Faz tempo que todo mês tem novidade.
Pena que são sempre péssimas,
trazendo coisas cada vez mais pesadíssimas…
Chegou a época de desgraças coletivas e de austeridade.
Chego em casa e para me receber só há contas.
Trabalho feito condenado, e nada muda.
Meu único prazer é chegar em casa e ficar sem terno, só de bermuda.
Pego cerveja e na ligação, meu amigo famoso pelos nos filmes pontas.
“Aí, Marcelo, escuta antes de ficar só reclamando!”
Vem ele com suas censuras,
e peço para falar logo e deixar de frescuras,
afinal dublê não entenderia o que eu no mercado de ações estou passando.
“Você vai ver, isso vai te relaxar mais do que você imagina.”
Ele finaliza e eu desligo, incrédulo que mais uma vez na sua lábia caí,
só que não aguentava mais ficar naquele prédio e resolvi arriscar e ir:
para esquecer do stress e nervo, melhor mesmo fugir para a colina.
Cheguei a fazenda do Horácio e ele queria me mostrar sua nova potranca.

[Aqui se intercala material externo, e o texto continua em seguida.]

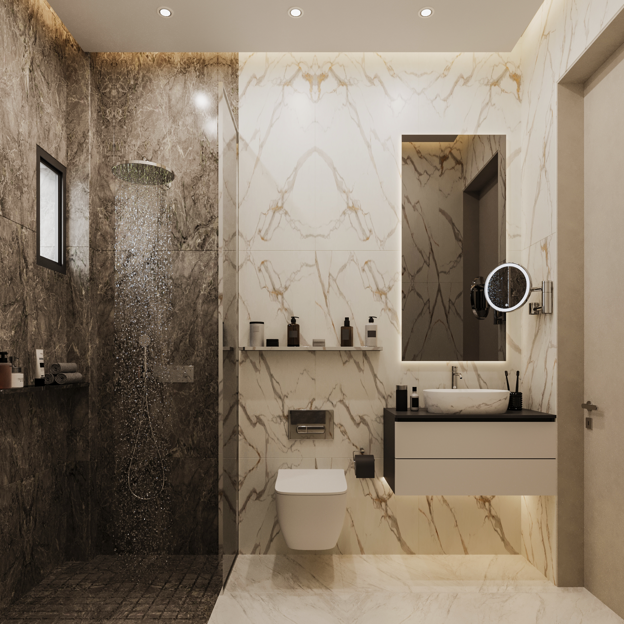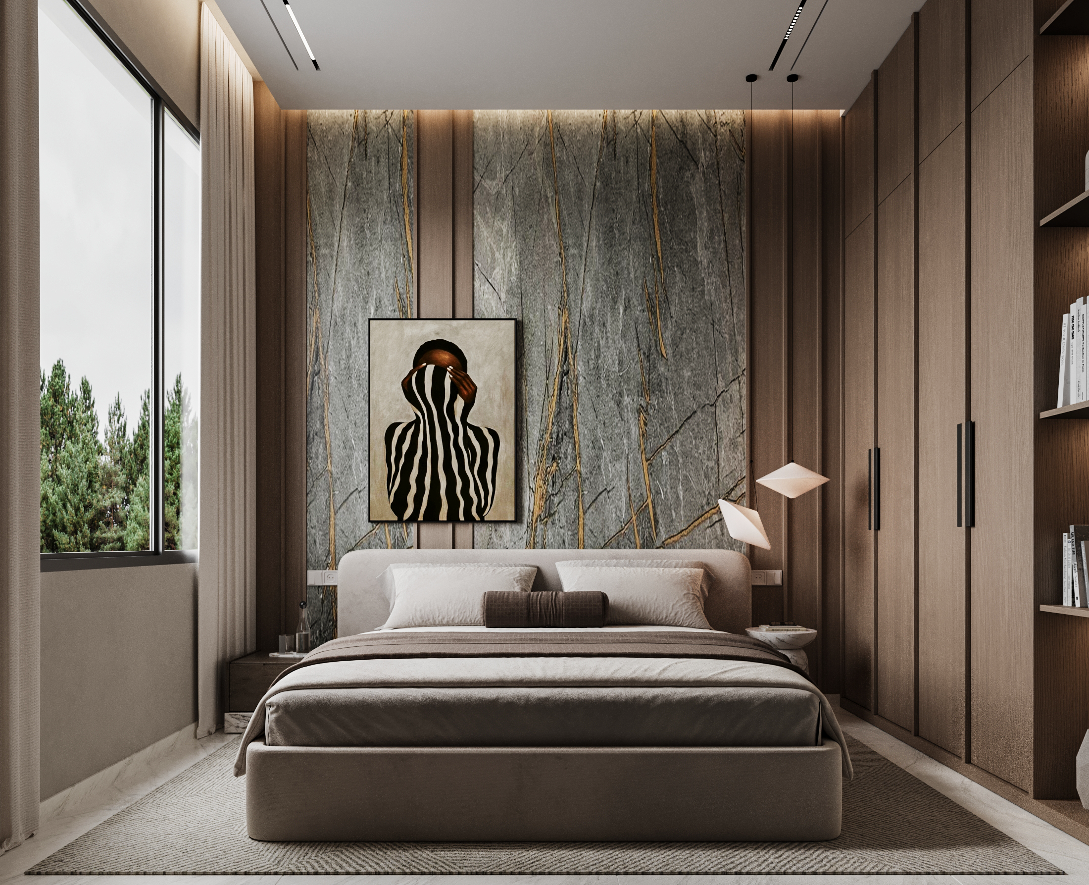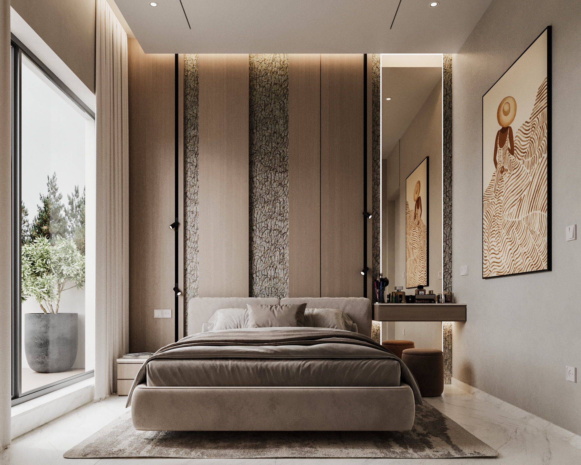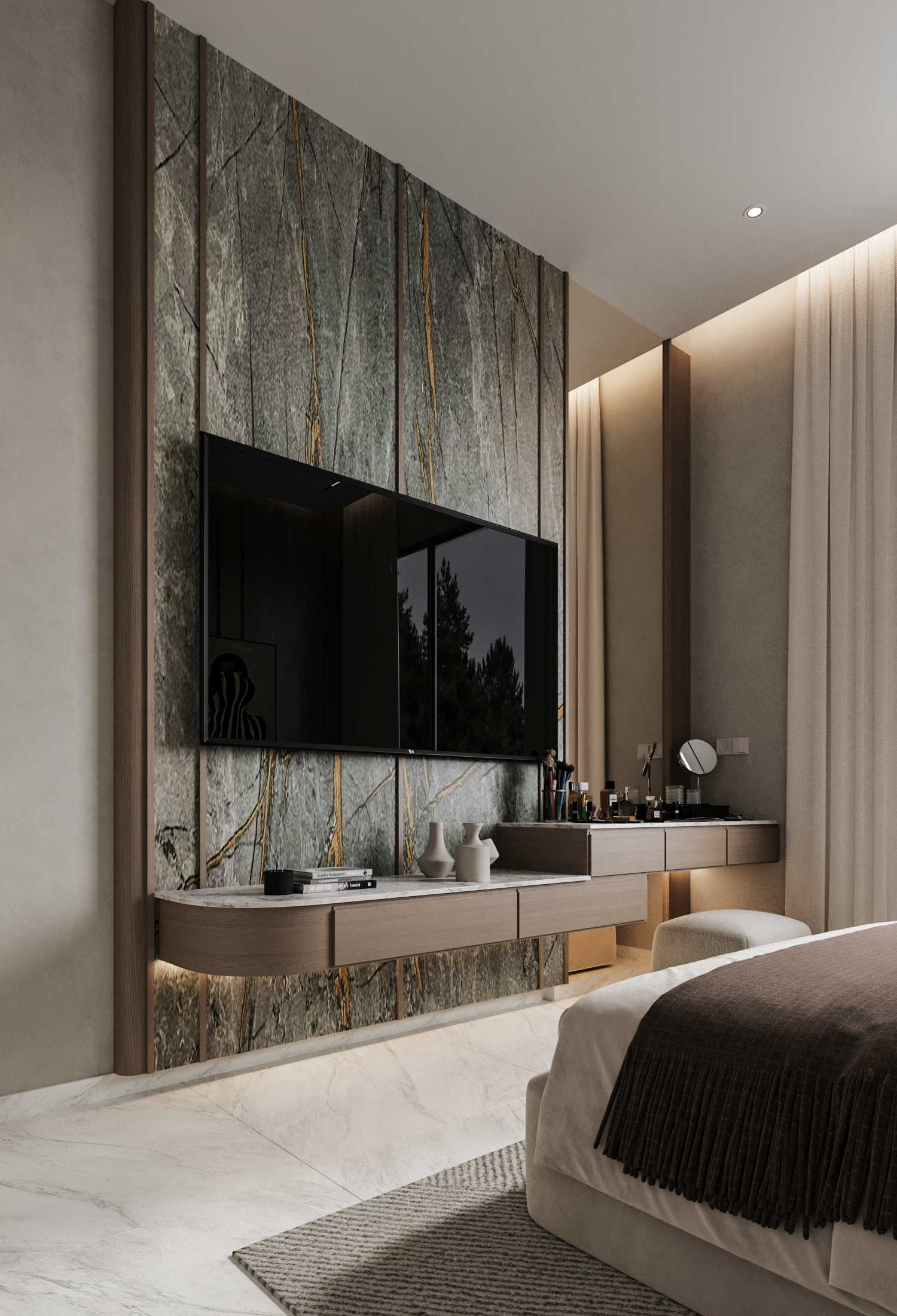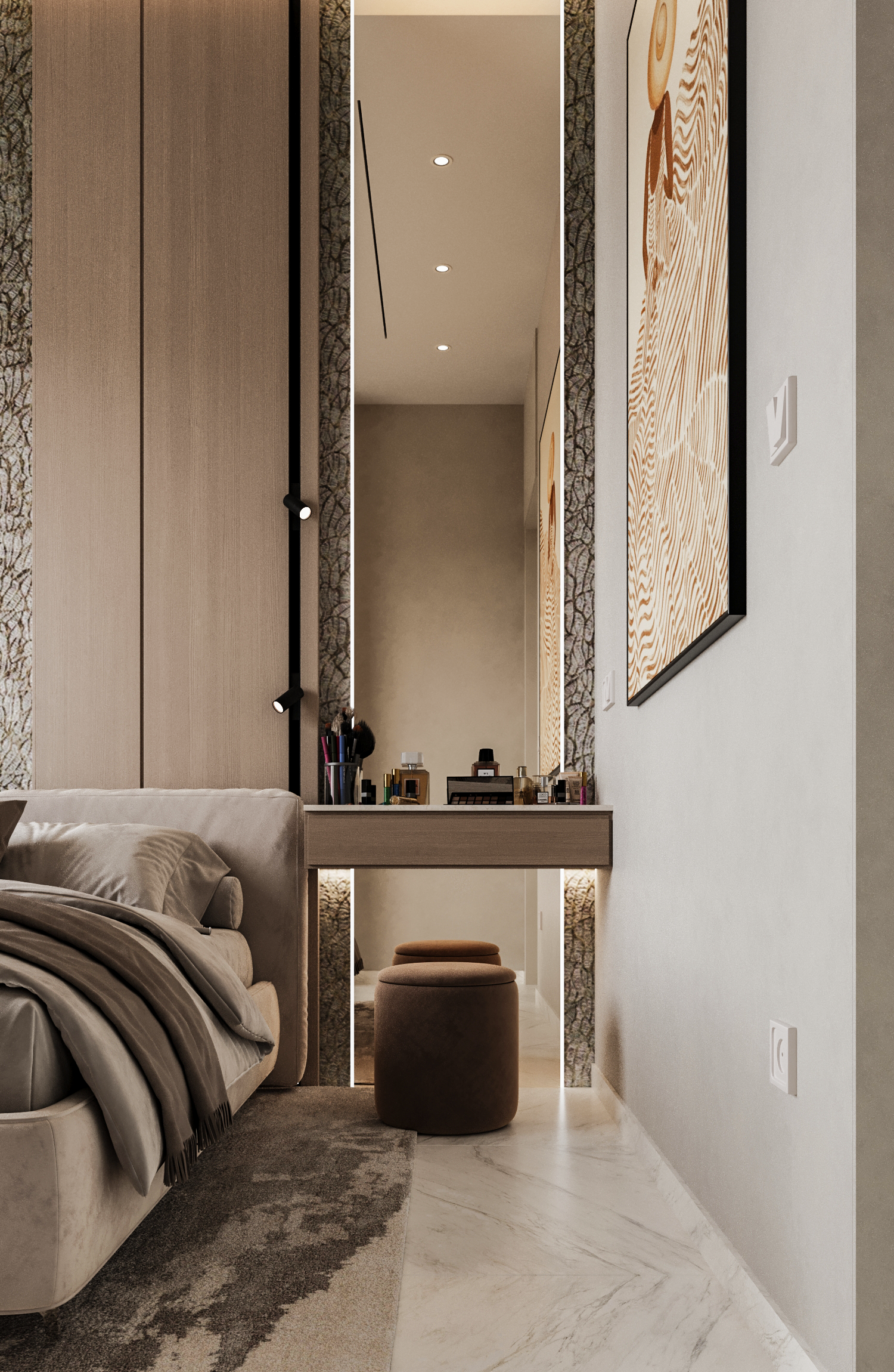 Τα υπνοδωμάτια και τα λουτρά σχεδιάστηκαν με φιλοσοφία boutique hotel, ενισχύοντας τον χαρακτήρα ενός high-end διαμερίσματος πόλης.

Achei que era outra de suas amantes, e foi me levando para o estábulo.
Comecei a achar aquilo tudo tão estranho que me faltou vocábulo.
“Essa é a Canela. Meu novo amor é essa égua linda!”, falou com voz franca.
“Olha, rapaz, não vim lá da capital para ser com algum crime envolvido.”
“Para de besteira”, falou ele rindo. “Lembra que a gente jóquei era?”
De fato já tinha corrido, mas ao invés de fazendeiro, cacei outra quimera:
uma que quando alta me anima, mas que quando desce, me deixa moído.
“Larga mão desse mercado que só te deixa estressado,
e vamos recuperar os bons tempos e voltar a correr!”
Horácio não era mais ator e fez o haras do qual falou até me enlouquecer,
e resolvi pelo menos dar uma volta e subi no animal selado.
Correr pelo campo me deu uma extrema liberdade:
era ótimo não ver ninguém me ultrapassando, comprando primeiro,
ou vendendo antes de mim; e o bicho parecia meu companheiro
de tempos, mas era viva ainda a minha habilidade.
Em pouco tempo os pesos do escritório e da plataforma saíram das costas.
Sentamos para beber, e Horácio falou dos seus planos
e de como queria sediar provas todos os anos.
Parabenizei meu amigo e voltei com energias mais dispostas.
Porém, tudo que me irritava também voltou,
e lá estavam de novo os atrasos, do trânsito a lentidão,
dinheiro escoando e minha mente cheia de novo de poluição.
Assim não tinha jeito, deixei tudo e ao campo meu espírito me levou.
Assim, era como se eu tivesse voltado a viver,
e entrei como sócio do empreendimento, além de poder correr.
Ser livre sempre foi minha prioridade, mas meu amigo soube escolher
melhor, e por sorte, eu entendi a tempo de não virar oco cadáver.